The length of the process combined with its opaque nature imposes many cycles of iteration. The training can be stalled after a number of steps. It can abruptly end with a sibylline error message. The computer may freeze. The user may run out of credits. Or, the results may be sorely disappointing. All these problems trigger search queries, intense readings of manuals, discussions on chats and forums, the writing of desperate X posts and soul searching blog entries. The user navigates these sites piecing out the information, seeking answers and emotional support. Finding reliable sources of information, they weave a dense network without which they wouldn't manage to make sense of the enigmatic behaviour of their 'oven'. They have to learn to balance the authoritative voices of the authors of the software documentation and the rawer commentaries of those who, like themselves, struggle to make it work. It is not rare to find the users who share tips and tutorials express different grades of confidence regarding their choices about loss functions or schedulers. With sometimes a clear admission of powerlessness: "no idea just leave it at 1".
 
=== How does it create value? Or decrease / affect value? ===
LoRAs are definitely objects of interest in the communities of genAI creators. Publishing a good LoRA raises the a user's status. It sets them apart in the extent to which the small model provides capabilities desired by other fans and creators. It helps to bypass limitations and expand the range of potential representations. Technically, the LoRA creator gains a knowledge and the writing of tutorials serve to share one's experience but also to attract visibility and legitimate one's status.
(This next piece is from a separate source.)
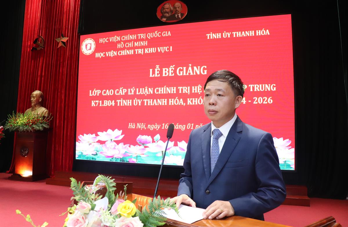 Thay mặt tập thể lớp K71.B04, học viên Hoàng Văn Tuấn bày tỏ lòng tri ân sâu sắc tới Ban Giám đốc Học viện Chính trị khu vực I cùng toàn thể cán bộ, giảng viên đã tận tâm truyền thụ tri thức khoa học, đồng thời là những tấm gương mẫu mực về đạo đức, phong cách và phương pháp công tác. Đồng chí Hoàng Văn Tuấn trân trọng cảm ơn Thường trực Tỉnh ủy Thanh Hóa, Ban Tổ chức Tỉnh ủy Thanh Hóa và Trường Chính trị tỉnh Thanh Hóa đã luôn quan tâm, tạo điều kiện thuận lợi để lớp hoàn thành tốt khóa học. Thay mặt 58 học viên, đồng chí xin hứa sẽ vận dụng sáng tạo kiến thức đã tiếp thu vào thực tiễn công tác, không ngừng tu dưỡng, rèn luyện bản lĩnh chính trị, góp phần xây dựng cơ quan, đơn vị vững mạnh và đóng góp thiết thực vào sự phát triển của tỉnh Thanh Hóa theo mục tiêu Nghị quyết số 58 của Bộ Chính trị đã đề ra.

For a platform such as CivitAI, the creation of LoRAs is encouraged. A dedicated page of the site's education section offers several resources and a glossary.[11] Hosting LoRAs has a clear advantage. It adds value to the base models. Combined with LoRAs, their capabilities are expanded. Essentially the ever growing offer allows them to reach to the specific tastes and interests of variegated groups of users, therefore extending the platform's audience.
 
[[File:Image-bounty-lora-rules.png|none|thumb|640x640px|Rewards for the best creative use of a LoRA.[12]]]
 
==== Market for LoRAs, the power of demand ====
The popularity of LoRA in terms of offer and demand gives a peek into the economy of visibility on the CivitAI platform. Users produce and consume these small models abundantly. To the degree that some of them decry a "mass production".[13] Many transactions on the platform concern LoRAs. Using the platform currency, buzz, many users posts '''[https://civitai.com/articles/17883/multiple-characters-bounty-results bounties]''' [14] where they describe the desired characteristics of a needed LoRA. And LoRA creators '''[https://civitai.com/articles/2684/how-i-made-over-dollar1000-in-3-months-selling-loras offer their services]''' [15] against remuneration or for free. LoRA's expertise is sought after. Yet, this expertise is not necessarily monetised. Many users ask others ideas for LoRAs that they subsequently generate for free and share with the whole community. Even if there is no financial return, the user gains visibility and is granted status among their peers. This motivates some users to offer buzz rewards to those who are using their LoRA creatively and thereby demonstrate their small model's brilliance and relevance. This testifies to the logic of an economy of visibility where what is sought after is a missing link between large models and user practice. In this gap, the skills of the LoRA creator is worth its salt. But through LoRA, what the platform and the LoRA makers are trying to reach is the elusive demand. And the more abundant the offer becomes, the most scarce and therefore valuable demand becomes. In the context of over production and sharing, of saturation of the imaginary, the LoRA is a device to fill the last remaining gaps. It is also a device to find the last subjects for whom something remains to be desired.
 
=== What is its place/role in techno cultural strategies? ===
 
[[File:Civitai-loras-q9.png|none|alt=Screengrab of the LoRA page on the civit.ai platform|Screengrab of the LoRA page on the civit.ai platform|thumb|400x400px]]A quick look at the LoRA page on CivitAI gives an idea of the forms of gender representation that dominates the platform. When discussing the site's visuals, a participant to a workshop we gave in the context of Xeno Visual Studies in Madrid eructed "this is incel culture". And indeed a large portion of the LoRAs feature female characters with large breasts and bodybuilded male heroes. If parodies and critiques of these stereotypes also circulate on the platform as the opening vignette of this entry demonstrates, they remain limited in numbers.
 
While we experimented ourselves with the creation of LoRAs, we wondered how we could begin responding to the lack of diversity in the representations of women in both LoRAs and models. Our small experiment took the form of a LoRA to represent the artist Louise Bourgeois. Indeed prompting a model such as Real Vision with a query such as "The artist Louise Bourgeois working in her studio" resulted in an image of an older woman dressed in a contemporary attire with a vague physical likeness to the artist. Assembling a dataset from online and offline images, we ended up with a dozen candidates which we annotated in the Draw Thing software locally. Subsequently we used Draw Things to train a LoRA with RealVision as our base model and explored the results. 
 
<gallery>
File:Image-Bourgeopis-2.png|An image of Louise Bourgeois with the  Real Vision model
File:Image-LBourgeois-realVision.png|Louise Bourgeois  (Real Vision)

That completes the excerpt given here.